Trump’s Resilience Faces Biggest Test Yet
Donald Trump’s sense of invulnerability now faces its biggest test: grave legal threats on two fronts.
On one side, the president is up against Special Counsel Robert Mueller's Russia probe, newly energized after the conviction of his former campaign chairman Paul Manafort.
On the other, Trump is potentially contending with a separate federal investigation into campaign violations sparked by the guilty plea of his former lawyer, Michael Cohen. He contradicted Cohen’s claims in his plea that Trump directed hush payments for women who alleged past affairs with him.
Trump’s troubles are good news for Democrats, whose edge in the battle for control of the House just got a little sharper, Sahil Kapur and Billy House report.
Success would position Democrats to put the brakes on Trump’s policy agenda and to control congressional committees that have subpoena power and the authority to initiate impeachment.
But there's a silver lining for Trump in that scenario. It would allow him to campaign for re-election against a partially Democratically-controlled Congress. And Democrats would have to navigate the treacherous waters of any impeachment pursuit carefully.
Go too lightly, and they might alienate their base. Press ahead too eagerly, and they'd risk a backlash from more moderate voters, egged on by Republican claims they'd overreached.

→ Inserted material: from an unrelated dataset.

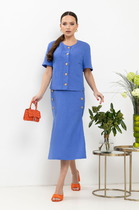 Стильный, элегантный, в меру дерзкий женский комплект, состоящий из джемпера и юбки станет отличным дополнением к Вашему осеннему гардеробу. Джемпер свободного силуэта, со спущенной линией плеча и округлым вырезом горловины, выполнен из качественного однотонного трикотажа.  Лиф и спинка изделия декорированы ткань. Рукав в модели на спущенной пройме, длинный.  Низ изделия и рукава оформлен мягкой манжетой. Плечевой шов и центр рукава украшен декоративной лентой. В комплекте идет эффектная A-образная юбка 8-клинка! Модель на притачном поясе с застежкой на тесьму-молнию по спинке. Перед с разрезом переходящий в имитацию застежки на навесные петли и пуговицы. В юбке присутствуют карманы и подкладка.

Who's in charge? | It's a shambles. That's the view from all sides of politics in Australia as they watch Prime Minister Malcolm Turnbull's party tear itself apart in a damaging leadership battle. What began as a fallout between conservatives and moderates over his energy policy has turned into a possible three-way fight for the top job, with no guarantees Turnbull will survive. A ballot may take place tomorrow. But for now, voters can only watch the spectacle and look toward the next election, which must be held by May.

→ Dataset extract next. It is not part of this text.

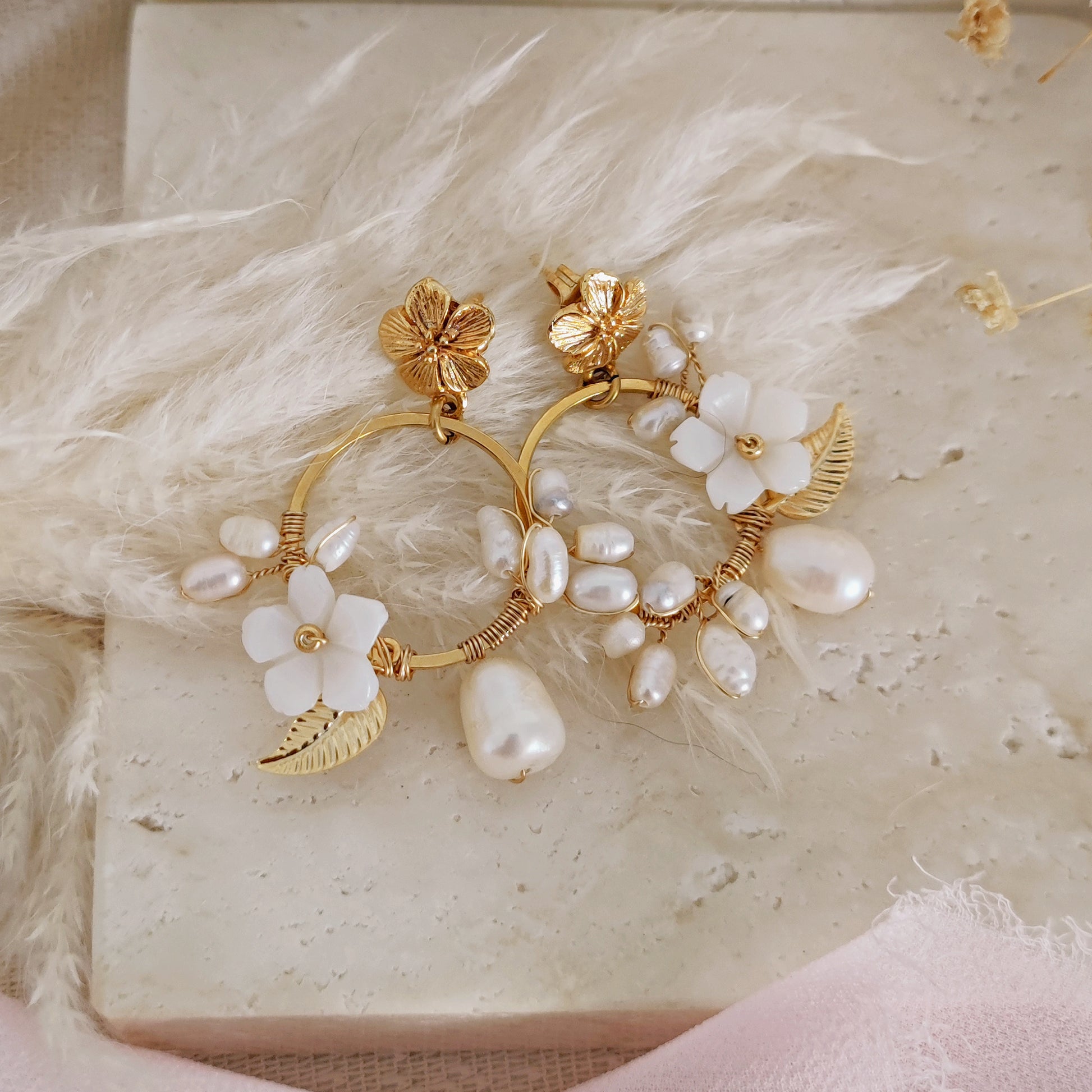 Orecchini Boho da sposa con girali floreali, perle e fiori in madreperla // CRISALIDE

Distraction tactic? | Trump waded into a racially-charged South African debate, tweeting that he’s asked U.S. Secretary of State Michael Pompeo to study its "land and farm seizures and expropriations.” The comment raised concern the U.S. could punish South Africa economically and triggered a selloff in the rand. President Cyril Ramaphosa has embraced land expropriation without compensation as a means to achieve equality and racial justice, but says it will be done orderly and won't be allowed to negatively affect growth or food production.

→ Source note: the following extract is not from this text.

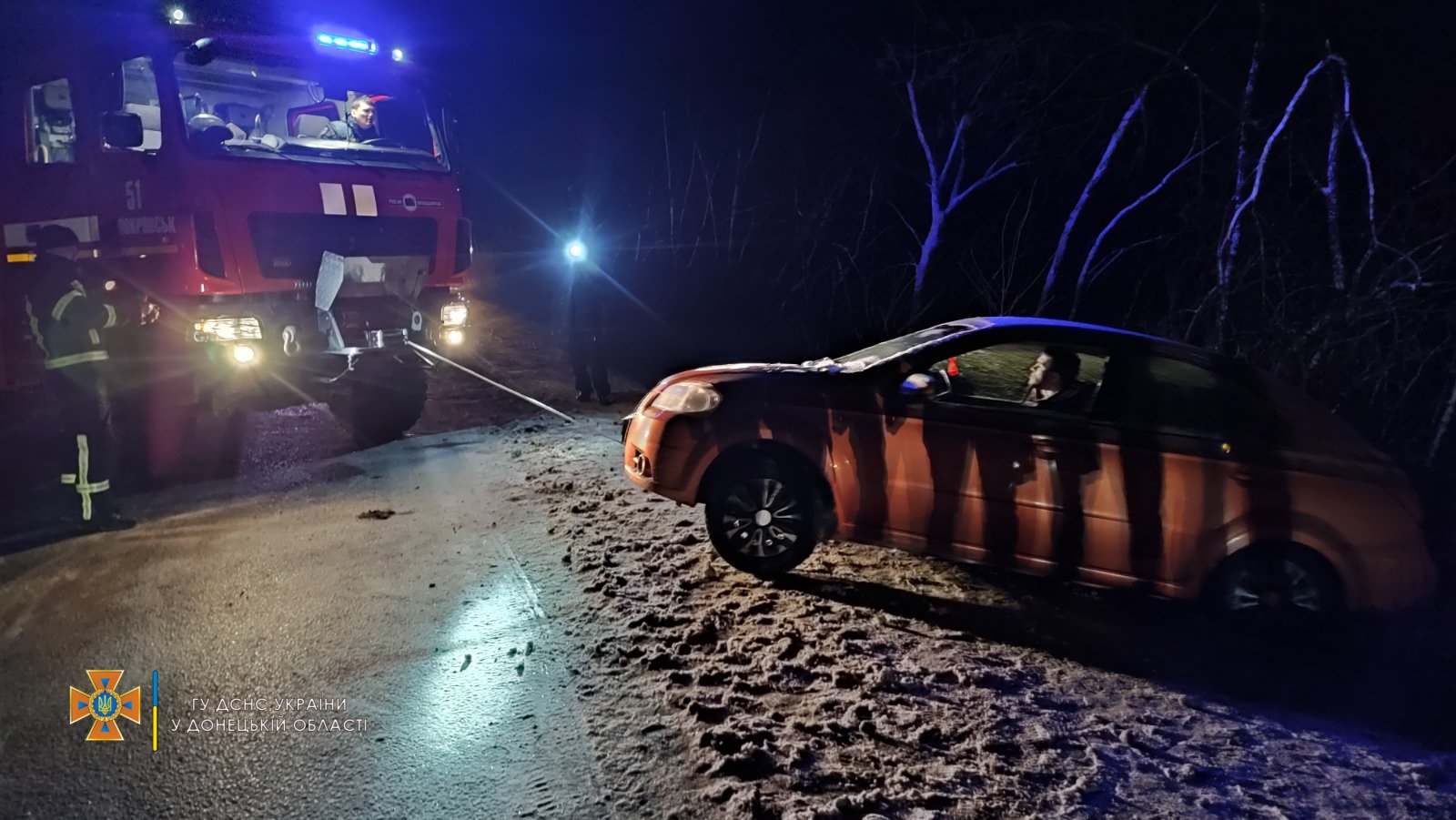 18 января в 16:51 в Главное управление поступила информация о необходимой помощи двум водителям между городом Часов Яр и поселком Калиновка автомобили которых, в результате скользкого участка дороги, не могли продолжать движение.

French exits | There's a new trend in France — politics is no longer being seen as a life-long vocation. As Gregory Viscusi and Geraldine Amiel report, with the two main establishment parties still in turmoil after last year's crushing defeat by Emmanuel Macron, many of the losing candidates are looking for fresh careers. They include Arnaud Montebourg, who was running for the presidency last year. Now he sells honey.
Saudi Arabia crackdown | The kingdom is seeking the death penalty for five activists, including a woman, according to Human Rights Watch. The activists have been charged with participating in protests hostile to the regime and providing moral support to rioters in the Shiite-dominated Eastern Province. Although Crown Prince Mohammed Bin Salman has loosened some social restrictions, he has also unleashed a crackdown on dissent that has sparked criticism around the world and led to a diplomatic spat with Canada.
What to Watch
- Chinese and U.S. officials hold a second day of trade talks with the latest round of tit-for-tat tariffs — on $16 billion of each nation’s exports to the other — having taken effect this morning.
And finally... With Trump upending diplomatic ties around the world, Putin is finding that his chilly relationship with European leaders is thawing. Last week's meeting with Chancellor Angela Merkel -- their first sit-down on German soil since he snatched Crimea from Ukraine in 2014 -- follows calls from Italy and Austria for better relations with Moscow. With the U.S. throwing everything from European security to trade deals into question, détente with the Russian leader is becoming a top priority in Berlin and other capitals that once shunned him.